Patents (Amendment) Act, 2005
The Patents Act, 1970 was finally amended by way of Patents (Amendment) Ordinance,
2004, which was later replaced by The Patent (Amendment) Act, 2005, and Patents
(Amendment) Rules, 2006 with retrospective effect from 1st January 2005. This amendment
was brought in finally complete India’s obligation under the TRIPS agreement regarding the
grant of pharmaceutical product patents. It added a new definition for “new invention” and
redefined “inventive step” as well.
Most importantly, the Patents (Amendment) Act 2005 deleted Section 5, which provided for
only a limited-term process patent protection for inventions in relation to food, drugs and
medicines. The amendment now provides for 20 years’ protection for all categories of
inventions except those excluded under Section 3 of the act. The salient features of the 2005
amendment act are

 Extension of product patents to all fields of technology including food, drugs, chemicals
and micro-organisms
 Deletion of the provisions relating to Exclusive Marketing Rights (EMRs).
 Introduction of a provision for enabling grant of a compulsory licence for the export of
medicines to countries which have insufficient or no manufacturing capacity to meet
emergent public health situations under S. 92A of the Act.

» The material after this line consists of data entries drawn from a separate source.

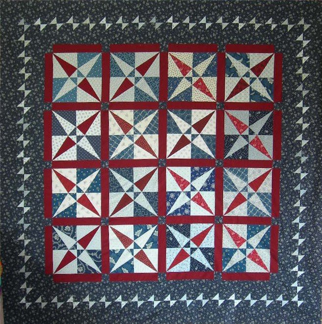 PeggyG Crossed Canoes - The Crossed Canoes is a traditional pattern dating back to the late 1800s. The angles of the canoes are very easy when paper pieced using freezer paper. The border is a butterfly border designed by friend Judy Madden of Ketchikan, Alaska. This quilt was pictured in the July/August edition of Quilter's Newsletter.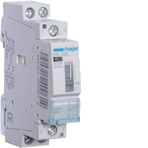 Stycznik z możliwością sterowania ręcznego 12VAC 2NO 25A Hager ERL225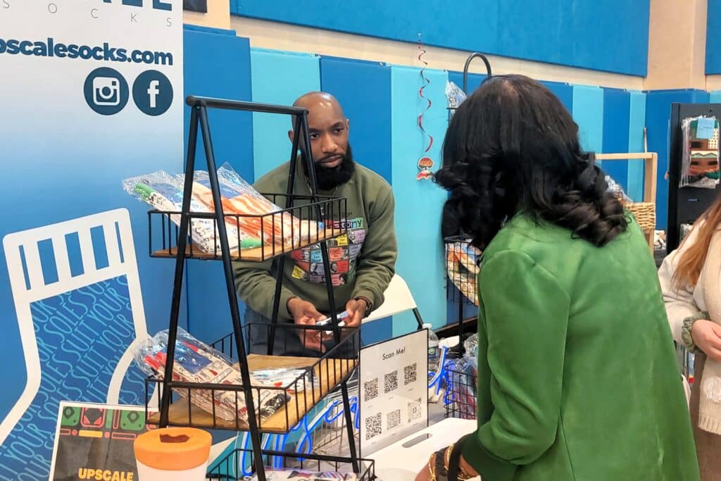 Lenny Underwood, owner of Upscale Socks, shows his products at the Black History Celebration. Reminder Publishing photo by Sarah Heinonen

 Modification in the provisions relating to opposition procedures with a view to
streamlining the system by having both pre-grant and post-grant opposition in the Patent
Office
 Strengthening the provisions relating to national security to guard against patenting
abroad the dual-use of technologies.
 Rationalisation of provisions relating to timelines with a view to introducing flexibility
and reducing the processing time for patent application.

Conclusion
Thus, it can be concluded that today after three significant amendments, India’s patent regime
has complied with all the requirements of the TRIPS Agreement. Today, product patents are
available for pharmaceutical products under Section 3(d) of the Act. Subsequent to the
amendment in 2005, Section 5 of the Act which dealt with inventions where only methods or
processes of manufacture patentable has been omitted as well.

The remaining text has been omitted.